Маура пододвигается, чтобы дать мне место возле окна, и мы вдвоем в сомнениях таращимся на миссис Корбетт.

— Не похоже, чтобы Отец хоть сколько-нибудь интересовался ею, — заявляю я наконец.

— Конечно, нет. Отца интересуют только его книги и его работа. Да его тут почти не бывает! Это нам придется торчать с ней в одном доме. С ней и с этой гувернанткой, — морщит нос Маура.

Я жду взрыва. Мы с Тэсс выглядим бледными акварельками рядом с Маурой. На нее природа не пожалела самых сочных масляных красок — пламенеющие рыжие волосы и такой же огненный темперамент. Она порывиста, упряма и легко приходит в бешенство.

— Может, все не так плохо. Может, гувернантка даже оживит обстановку, — в конце концов произносит сестра.

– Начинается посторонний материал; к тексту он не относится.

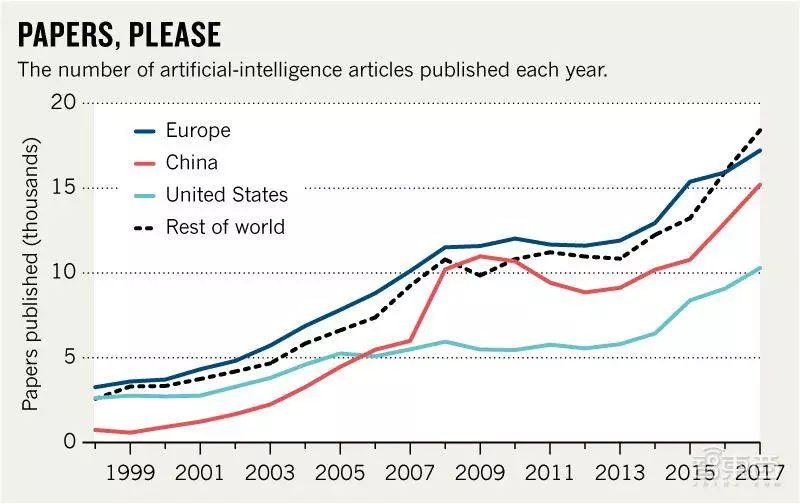 根据Scopus的数据,从2007至2017年,中国发表的AI相关论文数量从5995增至15199篇。
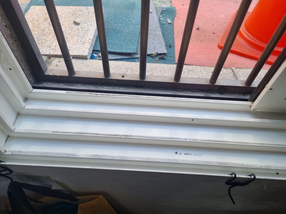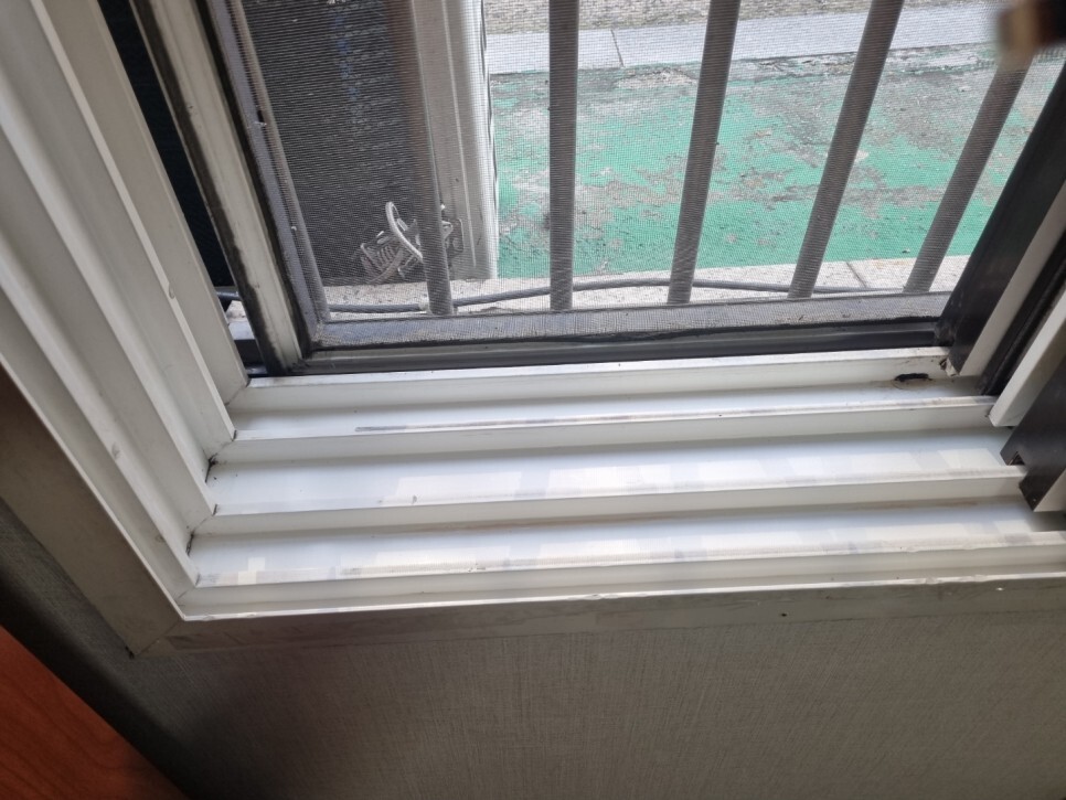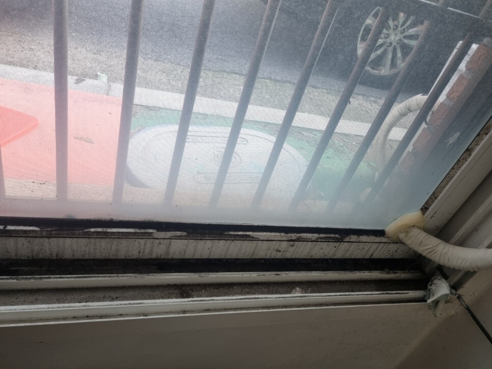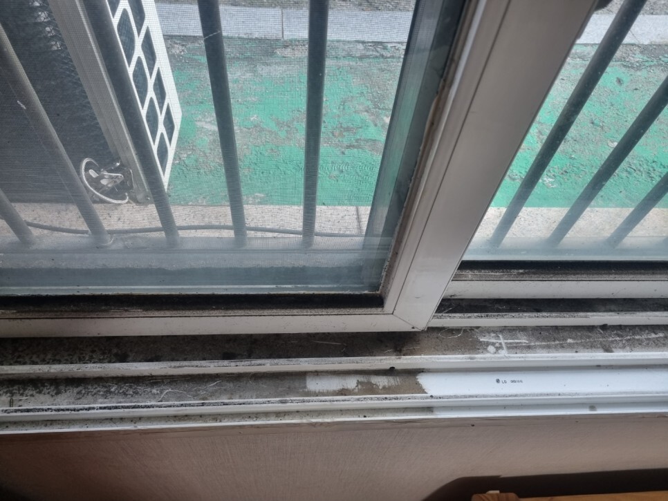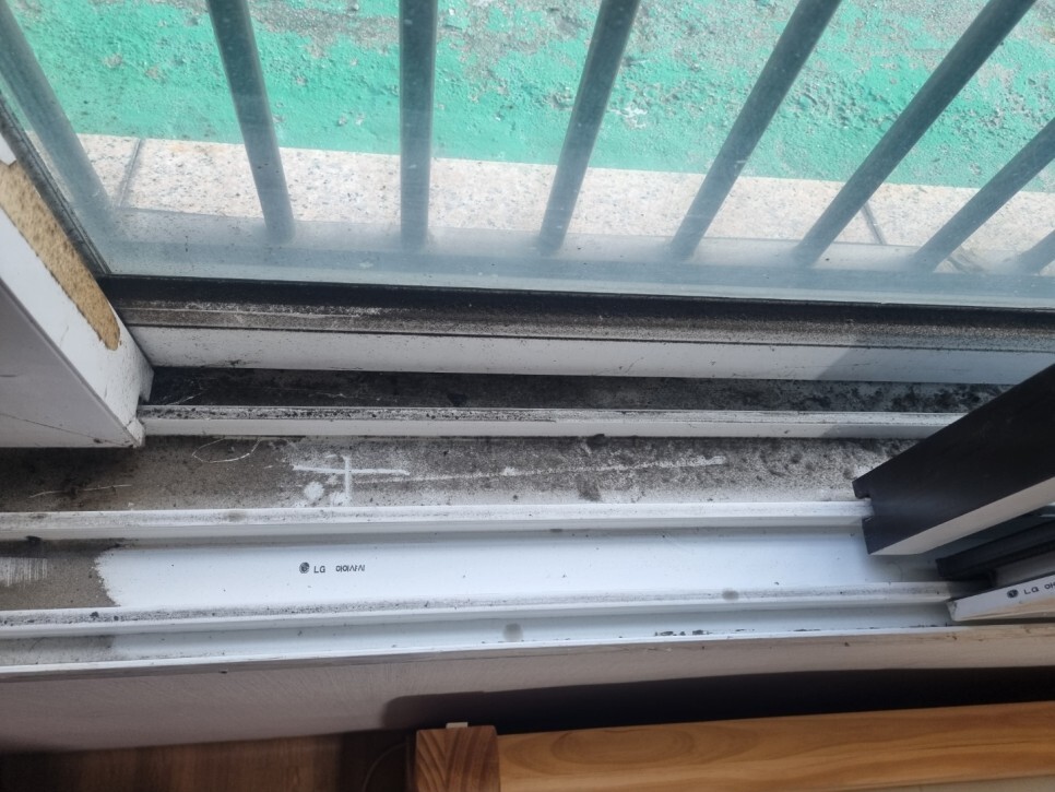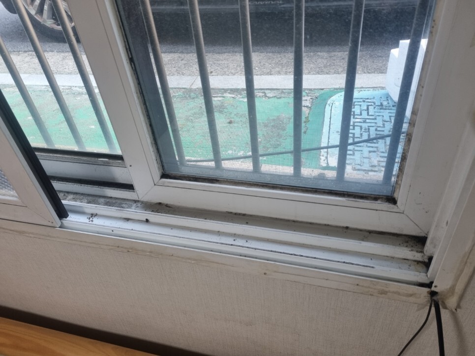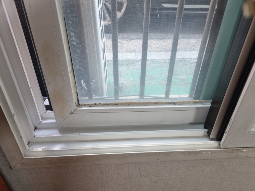 창문틀의 곰팡이와 각종 이물질.

Вскочив, я смотрю на нее так, словно у нее выросла еще одна голова.

— Ты хочешь гувернантку? Чтобы она жила прямо тут? Я еще могу понять, когда ты хочешь без конца играть на этом своем пианино, но гувернантка? Чужая тетка, которая приедет специально, чтобы командовать нами?

— Ну не все ж тебе это делать, — бормочет Маура. — Кейт, мне уже пятнадцать. Тебе незачем за мной присматривать, я не малышка вроде Тэсс. Строго говоря, даже Тэсс уже не малышка.

Я подбираю синие бархатные комнатные туфли, которые она разбросала возле постели.

— Я знаю.

— Ах, знаешь? Ну так и веди себя соответственно, — рычит Маура, и комнатные туфли в моих руках вдруг превращаются в паука, который начинает восхождение по моей руке. Я застываю, но лишь на миг.

Я не какая-нибудь слабонервная брезгливая слабачка, пугающаяся того, что таится в темноте.

Маура давно излечила меня от пустых страхов. Моя колдовская сила пришла ко мне, когда мне было одиннадцать лет, а ее спала до двенадцати, чтобы проявиться однажды в ночи, подобно взрыву. Маура была одурманена собственными способностями. А после Маминой смерти она будто с цепи сорвалась. Из-за траура мы стали редко выезжать, разве что в церковь, но Маура и дома ведет себя недостаточно осторожно. Я схожу с ума при мысли, что кто-то из слуг застигнет сестру за колдовством. Или, не дай бог, это будет Отец. Мы с Маурой постоянно ссоримся из-за ее беспечности. После наших ссор из моего шкафа вылетают привидения, пауки гнездятся в моей постели и плетут свои сети у меня в волосах, а вокруг моих лодыжек обвиваются змеи, грозя мне раздвоенными языками.

Я очень быстро научилась разбираться с такими вещами и никогда не показывать при этом своего страха. Мама учила нас, что вся ведьминская сила идет от ума. Мы не можем изменять материю и превращать ее во что-то иное, зато можем повлиять на то, каким люди видят мир вокруг себя. И — очень, очень редко — на то, каким они его запоминают.